Exporting to Apache Kafka

nProbe, if configured with the export plugin, can send flows to one or more Kafka brokers in a cluster. Initially, the nProbe tries to contact one or more user-specified brokers to retrieve Kafka cluster metadata. Metadata include the list of brokers available in the cluster that are responsible for a given user-specified topic. Once the nProbe has the list of brokers available, it starts sending flows to them. The user can also decide to compress data and specify if he/she:

  • Doesn’t want to wait for ACKs
  • Wants to receive an ACK only from the Kafka leader
  • Wants to receive an ACK from every replica

Example

Assuming there is a Zookeeper on localhost port 2181 that manages the Kafka cluster, it is possible to ask for the creation of a new Kafka topic. Let’s say the topic is called “topicFlows” and we want it to be split across three partitions with replication factor two. The command that has to be issued is the following

./bin/kafka-topics.sh --zookeeper localhost:2181 --create --topic topicFlows --partitions 3 --replication-factor 2

Now that the Kafka topic has been created, it is possible to execute nProbe and tell the instance to export to Kafka topic “topicFlows”. We also tell the instance a list of three brokers running on localhost (on ports 9092, 9093 and 9094 respectively) that will be queried at the beginning to obtain kafka cluster/topic metadata.

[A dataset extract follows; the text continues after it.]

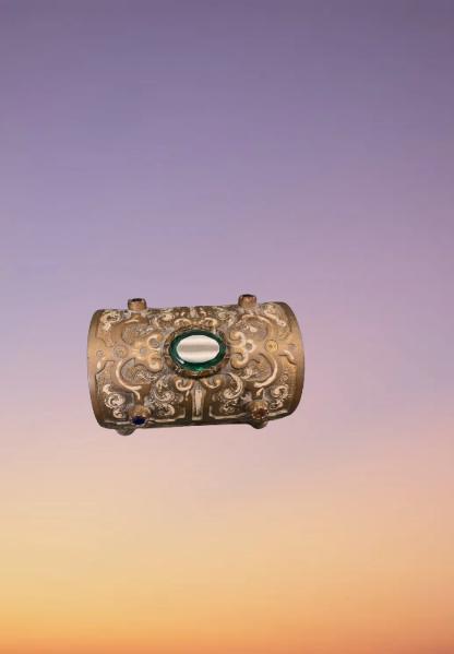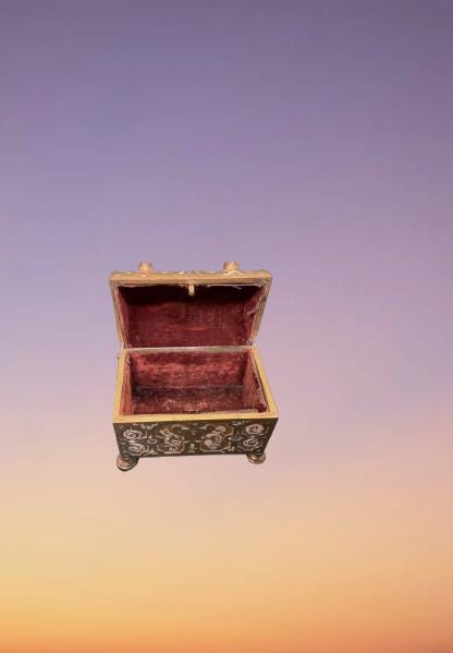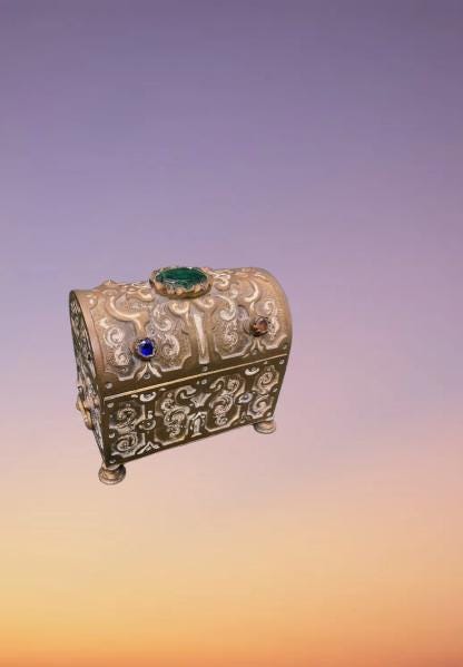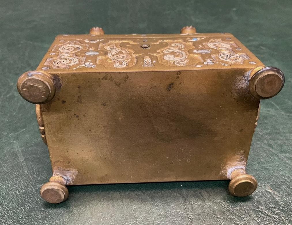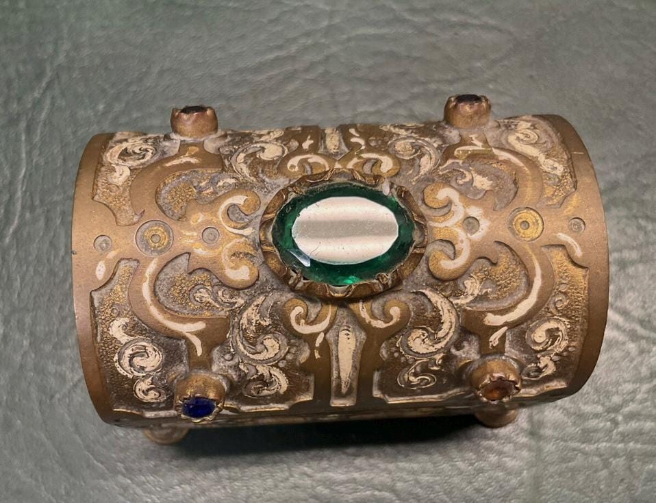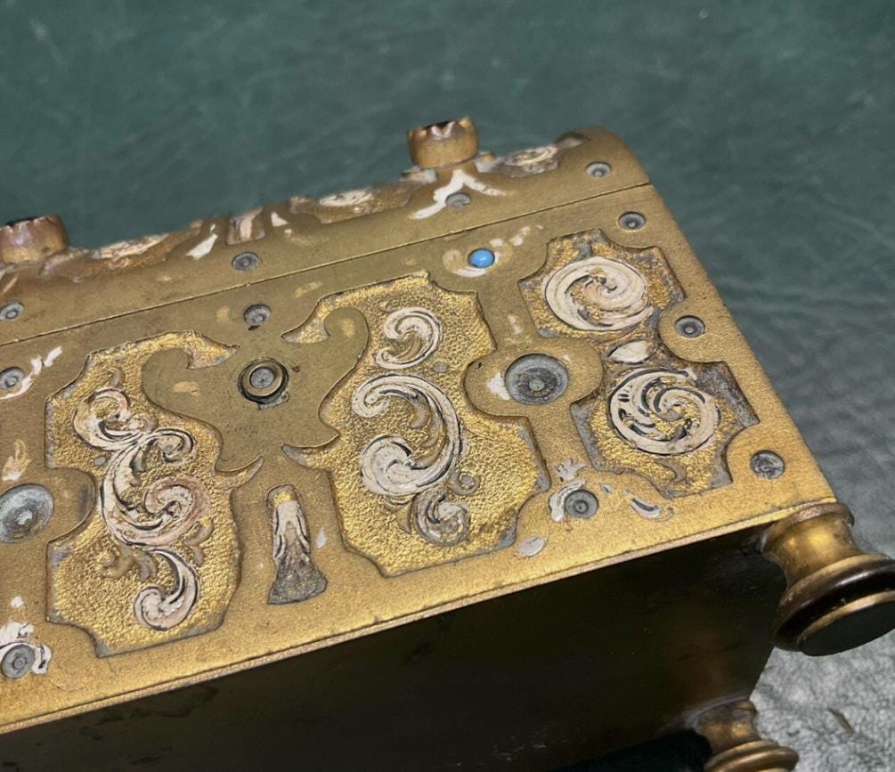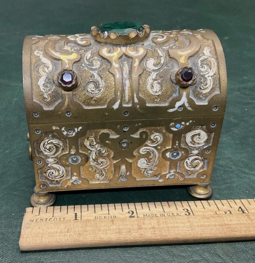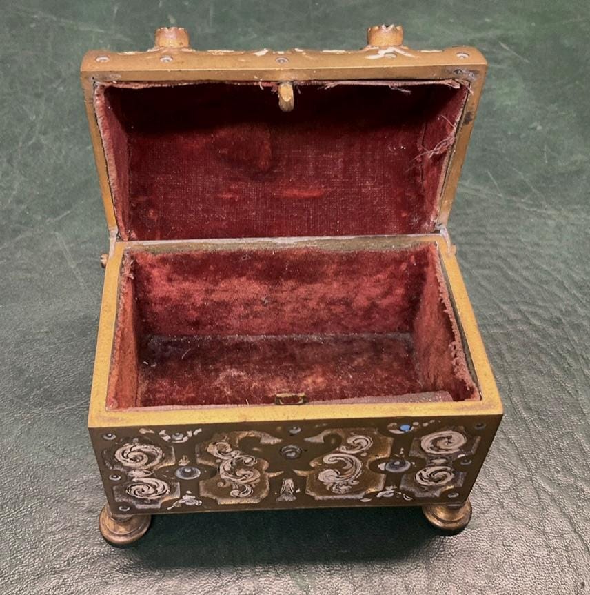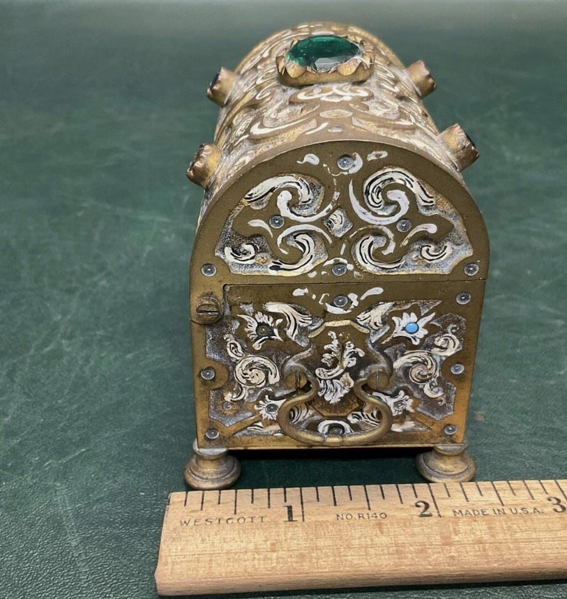 Austro-Hungarian jeweled enamel casket box. It has few gems on the lid .

./nprobe --kafka "127.0.0.1:9092,127.0.0.1:9093,127.0.0.1:9094;topicFlows"

At this point the nProbe instance is actively exporting flows to the Kafka cluster. To verify that everything is running properly, we can take messages out of the Kafka topic with the following command

./bin/kafka-console-consumer.sh --zookeeper localhost:2181 --topic topicFlows --from-beginning

Additional information and fine-tuning of Kafka export can be found at the following blog posts:

Custom Configuration Properties

nProbe allows custom configuration properties to be set. Being able to set configuration properties is key as it allows to decide if highthroughput is the name of the game, or if a low latency service is required.

Among all the configuration properties available, for the sake of performance tuning, it is worth mentioning:

  • batch.num.messages: the minimum number of messages – flows, in the nProbe parlance – to wait for to accumulate in the queue before sending off a message set.
  • queue.buffering.max.ms: how long to wait for batch.num.messages to fill up in the queue. A lower value improves latency at the cost of lower throughput and higher per-message overhead. A higher value improves throughput at the expense of latency.

Configuration properties are set using nProbe option --kafka-conf, followed by the property name and the property value, separated by an equal = sign. The option can be repeated multiple times, when multiple properties need to be set.

For example, to set the queue.buffering.max.ms to 1000 ms, the autocommit interval topic.auto.commit.interval.ms to 2000 ms, and the messages debug, one can run nProbe adding the following:

--kafka-conf debug=msg --kafka-conf queue.buffering.max.ms=1000 --kafka-conf=topic.auto.commit.interval.ms=2000

The full list of configuration properties that can be configured is available at https://github.com/edenhill/librdkafka/blob/master/CONFIGURATION.md

TLS/SSL Encryption

To add TLS/SSL encryption to Kafka, both the brokers and the nProbe client need to be opportunely configured as described in https://github.com/edenhill/librdkafka/wiki/Using-SSL-with-librdkafka.

Specifically, configuration properties such as ssl.ca.location and ssl.key.location can be set using nProbe option --kafka-conf as described in the section above.